Gözlerimi açtığımda nerede olduğumu biliyordum. Hastane... Soğuk beyaz duvarlara baktım. Islanan gözlerimden gözyaşlarımı akmasını engellemek için hızla kırptım. Yine yalnızdım. Her zaman ki gibi.Antonio'yu fazla zorladığımı biliyorum ama arkasındaki adamın silahını gördüğümde fazla seçeneğim yoktu ve o an onun hayatı benimkinin yanında daha önemli geldi. "Ufaklık." Sesi içime işlerken bakışlarımı kapıya çevirdim. Buradaydı. Titrek dudaklarımla ona gülümsemeye çalıştım. Bakışları koyulaşırken, kaşlarını çatarak hızla yanıma geldi ve elimi tuttu.
"Ah Roxy... Bunu neden yaptın?" Gülümsememi genişletmek için çaba sarf ederken espri yapmaya çalıştım. Buradaydı... Tanrım, beni bırakmamıştı.
"Senin bir şey yapacağın yoktu." dedim fısıltıyla. Bana bakışlarında gördüğüm acıma mıydı?
"Bunu sakın yapma Antonio, sakın bana acıma." Gülümsedi.
"Acımak mı Tanrı korusun. Sen gördüğüm en dik başlı kadınsın." Bu söze gülerken omuzumun acısından yüzümü buruşturdum bir an.
"Ne oldu? Canın mı yandı?" Hafifçe başımı salladım.
"Benden o kadarda kolay kurtulamazsın değil mi?" Gözlerini gözlerime dikerken, bal rengine dönüşünü zevkle izledim.
"Bu iş bitene kadar yapışığız." Bu kez gerçekten ve içten gülümsedim.
"Harika, yoksa para alamaman için elimden geleni yapardım." dedim. Elini uzatıp yanağımı okşadı. "Bir daha sakın bunu yapma! Seni başkasına bıraktığım için üzgünüm." Yanağımı okşayan eli karşısında ağlamamak için gözlerimi yumdum.
"Bence bir tatile ihtiyacın var." Hızla gözlerimi açtım. Acaba bu kez beni nereye bırakacaktı. Gözlerimden duygularımı anlamış olacaktı ki gülümsedi.
"Ah çekiciliğime daha fazla dayanamayacağını biliyordum." Sinirle kaşlarımı çatarken ona söylendim. "İyileşmemi bekle, bak nasıl canına okuyacağım." Bir kahkaha attı.

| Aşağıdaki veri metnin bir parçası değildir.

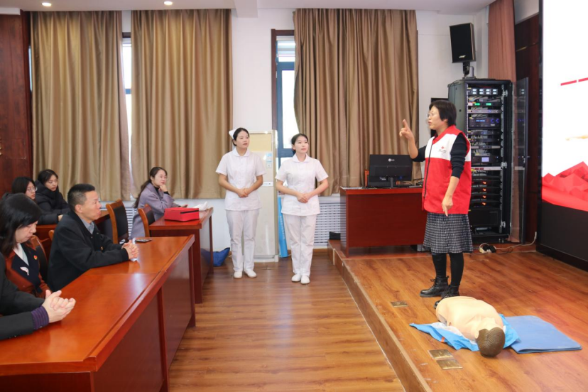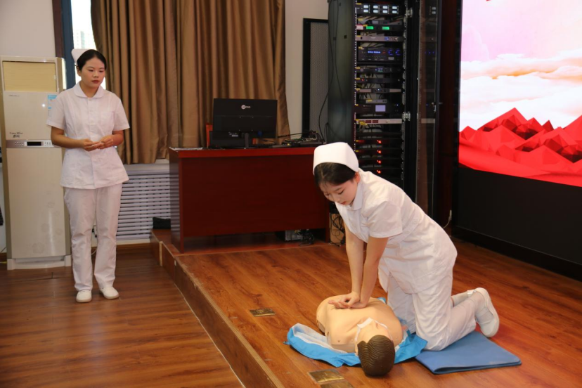 参观结束后,开展了一场以“安全急救知识”为主题的讲座与实操演示。沧州医学高等专科学校护理系的专业教师系统讲解了心肺复苏等常见急救技术的操作要点,强调了“黄金救援时间”的重要性与科学施救规范。讲解过程中,专业人员进行了规范娴熟的操作演示,展现了扎实的专业素养。
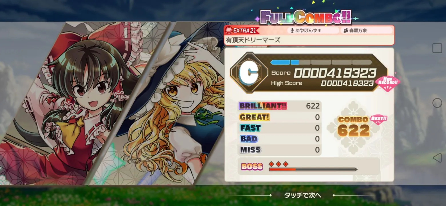 언노운X의 첫 동방프로젝트 ip를 사용한 리듬게임입니다! 일러스트 퀄리티도 괜찮고 레어(R)를 제외한 나머지 SR, SSR 카드들은 각각 다른 일러스트레이터분들이 그리신 일러스트라서 하나하나씩 모으고 보는 재미도 있겠네요!

"En azından sinirinden bir şey kaybetmemişsin. " Sonra bana doğru biraz daha eğildi.
"Beraberce dinlenmeliyiz diyorum". Şaşkınca kaşlarımı kaldırdım.
"Zengin insanlar gibi mi?" dedim. Yavaşça başı ile onayladı.
"Çok zengin insanlar gibi."
"Kimsin sen?" Daha çok yaklaştı. Yüzüme nefesi vururken konuştu.
"Senin koruyucu meleğin olacağım tatlım." Hevesle başımı dudaklarımı ona yaklaştırırken uzanıp yavaşça alnımdan öptü.
"Şimdi dinlen ufaklık." Odadan çıkarken şaşkınca arkasından bakıyordum.
"Bu sözden nefret ediyorum." diye bağırdım ardından.